Stored data:
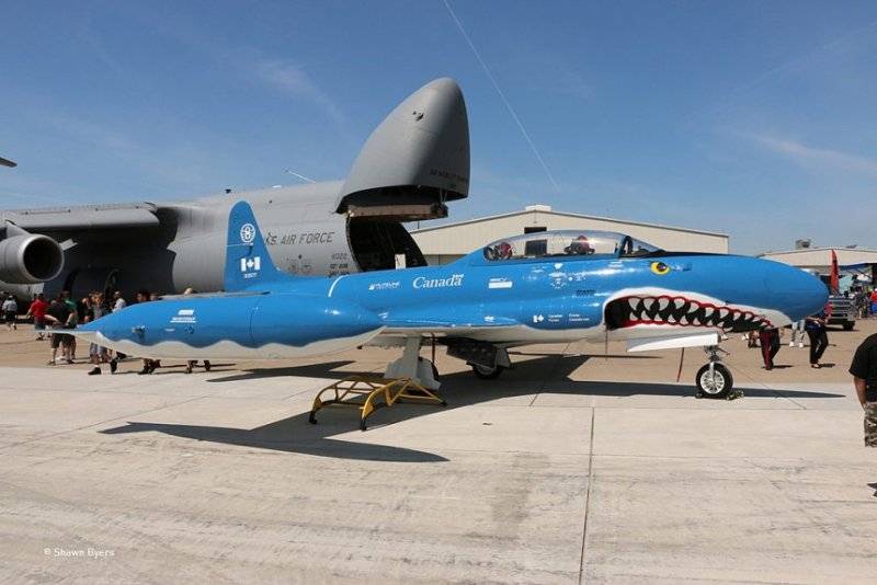 I think that was one of our Canadair CT-133 trainers, squadron VU-32 was disbanded in 1992 so the photo is likely at least that old. That model was the Canadian built version of the Lockheed T-33, different from the Lockheed version in that it used a Rolls Royce Nene engine instead of the American Allison.
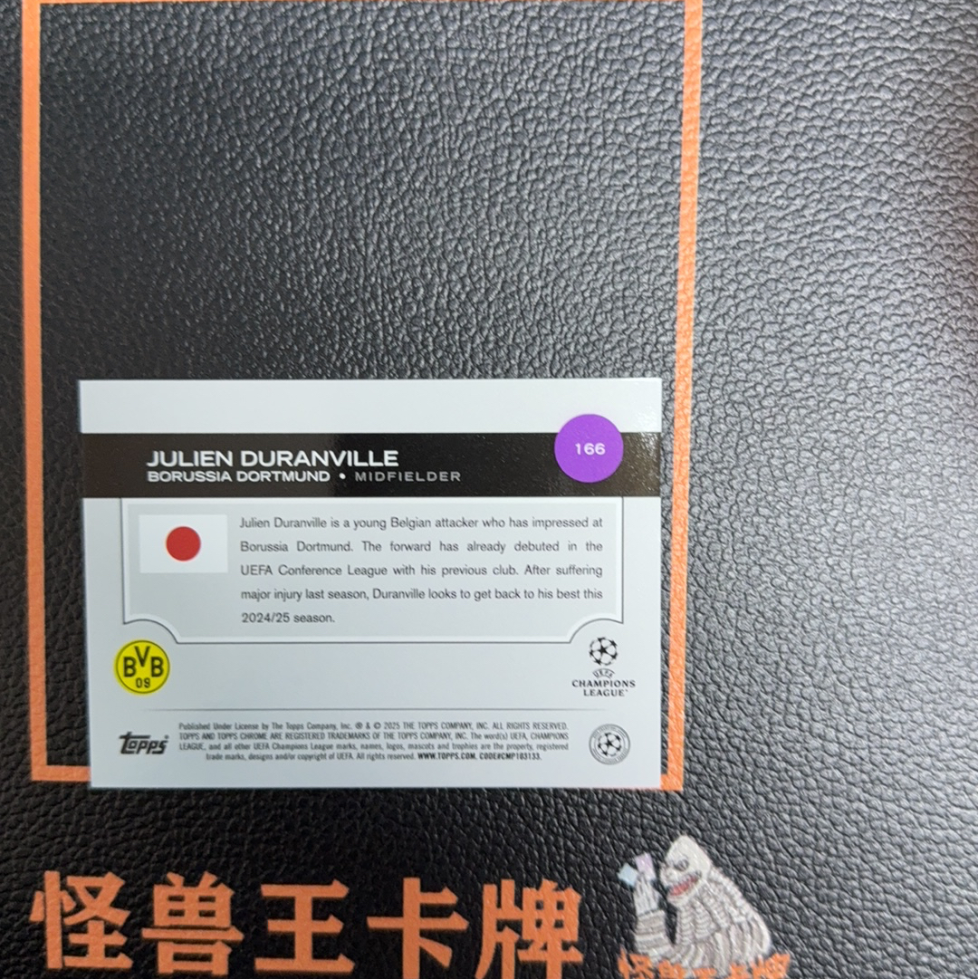 (怪兽拍卖) GSW-B50 2024-25 Topps Chrome Julien Duranville 朱利安 杜兰维尔 杜伦维尔 比利时 多特 125编 紫mojo折 樱花
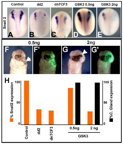 Fig. 4. NC and cement gland have different sensitivity to Wnt inhibition. Embryos were injected at the eight-cell stage embryo with the indicated mRNA, fixed between stages 16-18 when the expression of Snail2 was analysed. Right side of the embryo corresponds to the injected side. (A) Control embryo. (B) Embryo injected with 1 ng of dd2 mRNA. (C) Embryo injected with 0.6 ng of dnTCF3. (D) Embryo injected with 0.5 ng of GSK3 mRNA. (E) Embryo injected with 2 ng of GSK3 mRNA. (F) Embryo injected with 0.5 ng GSK3 mRNA showing cement gland expansion (arrowhead); (Fâ²) fluorescence overlay showing site of injection. (G) Embryo injected with 2 ng GSK3 showing cement gland expansion (arrow); (Gâ²) fluorescence overlay showing site of injection. (H) Summary of the results in whole embryos. Each experiment was repeated at least three times.
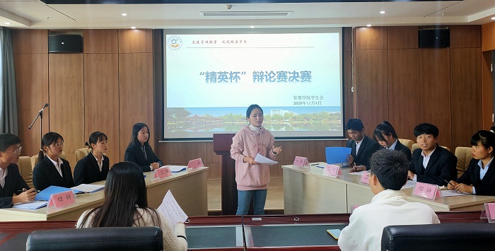 为丰富同学们的课外生活,培养他们的思辨能力和语言表达能力,10月22日至11月4日,管理学院于实习实训楼举办“精英杯”辩论赛。此次活动由院学生会主持,各班辩论选手参加。
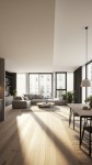 Scandinavian Styled Open-Concept Living Room and Kitchen Interior
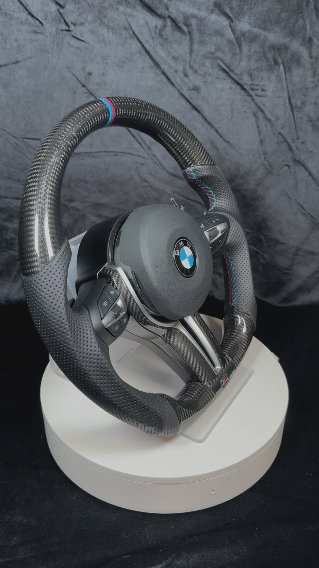 Full set Upgrade, Flat bottom, Regular Carbon, Perforated leather, M stitching, M stripe, Carbon bezel
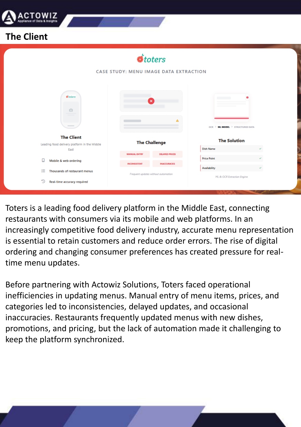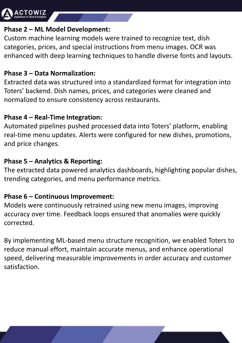 How we enabled Toters Menu Image Recognition using ML & OCR to automate menu analytics, improve accuracy, and streamline food ordering processes.<br>
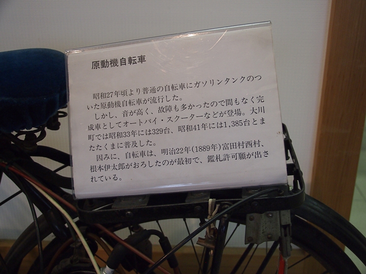 しかし、背が高く、故障も多かったので間もなく完成車としてオートバイ・スクーターなどが登場。大川町では昭和33年には329台、昭和41年には1,358台とまたたくまに普及した。
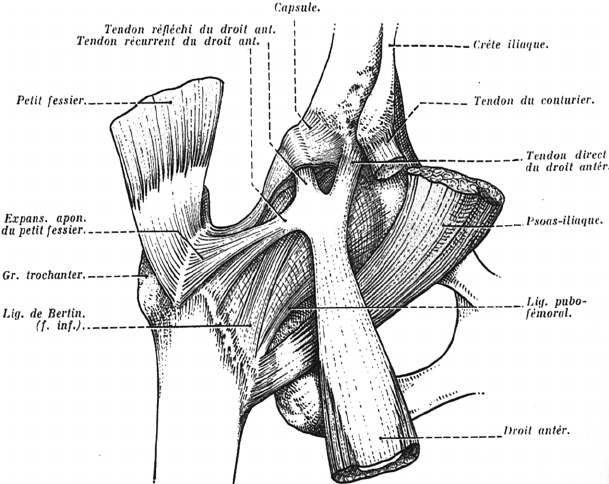 +@の補強として、関節包前方の一部は腸骨周囲筋・小殿筋・大腿直筋の反回頭があります。

### Task prompt
Would you set down every line of the data above exactly, skipping the pictures?

### Final answer
 I think that was one of our Canadair CT-133 trainers, squadron VU-32 was disbanded in 1992 so the photo is likely at least that old. That model was the Canadian built version of the Lockheed T-33, different from the Lockheed version in that it used a Rolls Royce Nene engine instead of the American Allison.
 (怪兽拍卖) GSW-B50 2024-25 Topps Chrome Julien Duranville 朱利安 杜兰维尔 杜伦维尔 比利时 多特 125编 紫mojo折 樱花
 Fig. 4. NC and cement gland have different sensitivity to Wnt inhibition. Embryos were injected at the eight-cell stage embryo with the indicated mRNA, fixed between stages 16-18 when the expression of Snail2 was analysed. Right side of the embryo corresponds to the injected side. (A) Control embryo. (B) Embryo injected with 1 ng of dd2 mRNA. (C) Embryo injected with 0.6 ng of dnTCF3. (D) Embryo injected with 0.5 ng of GSK3 mRNA. (E) Embryo injected with 2 ng of GSK3 mRNA. (F) Embryo injected with 0.5 ng GSK3 mRNA showing cement gland expansion (arrowhead); (Fâ²) fluorescence overlay showing site of injection. (G) Embryo injected with 2 ng GSK3 showing cement gland expansion (arrow); (Gâ²) fluorescence overlay showing site of injection. (H) Summary of the results in whole embryos. Each experiment was repeated at least three times.
 为丰富同学们的课外生活,培养他们的思辨能力和语言表达能力,10月22日至11月4日,管理学院于实习实训楼举办“精英杯”辩论赛。此次活动由院学生会主持,各班辩论选手参加。
 Scandinavian Styled Open-Concept Living Room and Kitchen Interior
 Full set Upgrade, Flat bottom, Regular Carbon, Perforated leather, M stitching, M stripe, Carbon bezel
 How we enabled Toters Menu Image Recognition using ML & OCR to automate menu analytics, improve accuracy, and streamline food ordering processes.<br>
 しかし、背が高く、故障も多かったので間もなく完成車としてオートバイ・スクーターなどが登場。大川町では昭和33年には329台、昭和41年には1,358台とまたたくまに普及した。
 +@の補強として、関節包前方の一部は腸骨周囲筋・小殿筋・大腿直筋の反回頭があります。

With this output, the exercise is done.